PLoS ONE (Jan 2017)

Comparison of Criteria for Choosing the Number of Classes in Bayesian Finite Mixture Models.

  • Kazem Nasserinejad,
  • Joost van Rosmalen,
  • Wim de Kort,
  • Emmanuel Lesaffre

DOI
https://doi.org/10.1371/journal.pone.0168838
Journal volume & issue
Vol. 12, no. 1
p. e0168838

Abstract

Read online

Identifying the number of classes in Bayesian finite mixture models is a challenging problem. Several criteria have been proposed, such as adaptations of the deviance information criterion, marginal likelihoods, Bayes factors, and reversible jump MCMC techniques.

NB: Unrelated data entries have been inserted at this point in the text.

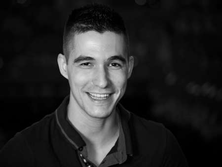 Handsome man outdoors portrait. Man smiling, looking in the camera
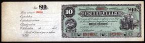 Chihuahua, Mexico. 18--, (ca.1870-80's). 10 Pesos, P-Unlisted, Specimen banknote. Black on green underprint with vignette of men working on right and children on left, back green with Arms of Mexico. Red specimen overprint, POC and "00000" serial numbers. Counterfoil on left. Text on circulating bond states "El Erario del Estado conforme a su Ley de Presupuestos pagara al portador - Diez Pesos - en plata del cuno Mexicano". Uncirculated condition with extremely light toning on right corners. ABNC. Rare, attractive and a prize for any collector of trophy Mexican banknotes. The first example sold for $2500 with the Buyer's Premium in our second auction in October, 2007. This is the last opportunity to purchase an example of this amazing note.
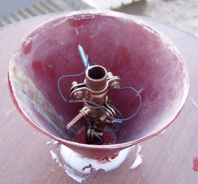 Sobre el molde de cartón plastificado encajamos el primitivo molde de plástico. Atornillamos el eje desde abajo y añadimos un alambre retorcido para aumentar la resistencia a la fractura. |

It was recently shown that in overfitted mixture models, the overfitted latent classes will asymptotically become empty under specific conditions for the prior of the class proportions. This result may be used to construct a criterion for finding the true number of latent classes, based on the removal of latent classes that have negligible proportions. Unlike some alternative criteria, this criterion can easily be implemented in complex statistical models such as latent class mixed-effects models and multivariate mixture models using standard Bayesian software. We performed an extensive simulation study to develop practical guidelines to determine the appropriate number of latent classes based on the posterior distribution of the class proportions, and to compare this criterion with alternative criteria. The performance of the proposed criterion is illustrated using a data set of repeatedly measured hemoglobin values of blood donors.